It takes 2 people to walk it into the trailer. Nothing hard about it, just my cheap little saw is already in my van and will do what needs to be done.

If the motor goes out on my cheap saw, saw is going in the trash and being replaced with new saw.
If motor goes out on the craftsman, motor is being replaced.
So decide how often you need to take it on the road, if it is worth buying a throw away saw or do you want a stationary cabinet saw?
And for the record, my old saw was a 10" delta that cost $100, worked for 5 or 6 years before I burned it up ripping 16' long 2x4's.
So a cabinet saw for shop, a cheap portable saw for the road ... Then plan ahead and rip on cabinet saw for big jobs and bring ripped material with you to work.

second photo is a reconditioned craftsman for $519
pictures suck today.
First photo is here 
http://c0358709.cdn2.cloudfiles.rackspacecloud.com/vault/sale/56478/1_full.jpg
second photo is here
http://s.shld.net/is/image/Sears/00...n=1&qlt=90,0&resMode=sharp&op_usm=0.9,0.5,0,0


----------



## jeffsw6 (Oct 28, 2012)

funfool said:


> We have in the past loaded it on the trailer, hauled it to the jobsite, what a pita.
> It takes 2 people to walk it into the trailer.


I have a 12V winch mounted in my trailer. If you have seen a race car trailer, you probably know what I am talking about. They use them to haul the car up into the box so it doesn't need to be driven in, because it's hard to climb out of the car when you can't open the door.

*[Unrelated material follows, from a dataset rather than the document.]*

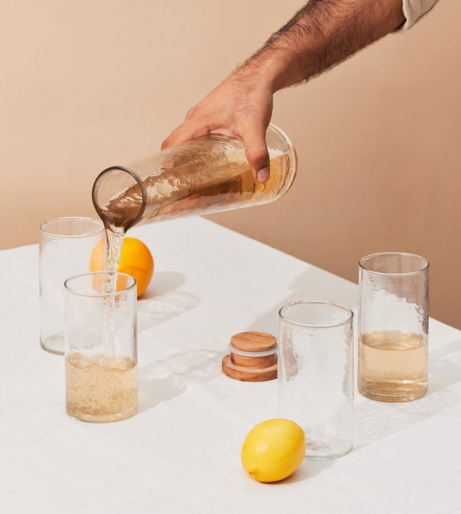 Set of four glasses, each with a mesmerizing hammered texture that adds visual depth and sparkle. Hand-blown from premium, non-toxic glass—preserving the authentic taste of your beverages. Each glass holds 500 ml, ideal for full servings and celebratory pours. Easy to clean—just rinse with lukewarm water and wipe with a soft cloth to keep them sparkling for years. Highly versatile—available as standalone glasses, or bundled with a carafe or jug to complete your serving set.
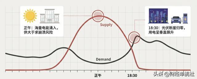 每天中午,无数光伏板同时爆发出庞大电能涌入电网,但此时大多数人在办公室,家庭电器停转,全网面临供大于求的崩溃风险。到了傍晚六点半,太阳落山,光伏发电量断崖式归零,但此时数亿人下班回家,同时开灯、开空调、给电动车充电。全社会的用电需求呈现出接近垂直的飙升。

The winch makes it really easy to load heavy objects as long as you can attach the hook in a sensible place near the center of gravity. Anything on wheels that has a hook, like you could pull a cart full of materials in if you had your cart set up for that. It's like having a lift-gate that is unlimited length!


----------



## Missouri Bound (Apr 9, 2011)

funfool...I have the exact old Craftsman in my home shop...it's 24 years old and works as well as the day I brought it home. And Mike is absolutely right about getting the biggest saw you can afford for safety and accuracy. Depending on your needs you can get a cheap on the job sow for the little jobs or just get a trailer and haul the big one around. Again it depends on your needs,* tapagan*.:yes:


----------



## Missouri Bound (Apr 9, 2011)

Am I the only one who got that last post in another language?


----------



## toastandjam (Aug 4, 2012)

Missouri Bound said:


> Am I the only one who got that last post in another language?


That person is a spammer.


----------



## jeremybrooks (Jan 5, 2012)

I bought a Bosch 4100, factory reconditioned from CPO or somebody like that. Man, that thing is a workhorse! Cuts are smooth and true, plenty of power. A real pleasure to use.


----------



## ToolSeeker (Sep 19, 2012)

I have the Ridgid contractor saw and I love it. But be aware I have had nothing but good luck with my Ridgid tools so I am probably prejudiced. In my opinion Porter Cable was one of the better tools and if memory serves me correctly (maybe not) they were the last power tool company to leave for overseas. I really feel that they are now in the same category as Black & Decker and they are now making their money off the name, not the quality. Craftsman a lot of people like I found them to be underpowered and if you find one you like they will stop making it down the road thinking you will buy a new one. DeWalt old tools great new tools not so much. Roybi are good tools for H/O and hobbyists that uses a good bit but not everyday. I'm going to quit here get off my soap box and back to OP. Having said all that I think there are still some good brands out there And since most of us can't afford Festool, there is Delta, Jet, and for less expensive(Iwon't say cheap) Grizzly saws are pretty decent. These are just my opinions and very subjective. I know I have left a lot of brands out but I feel this is enough to get the ball rolling.


----------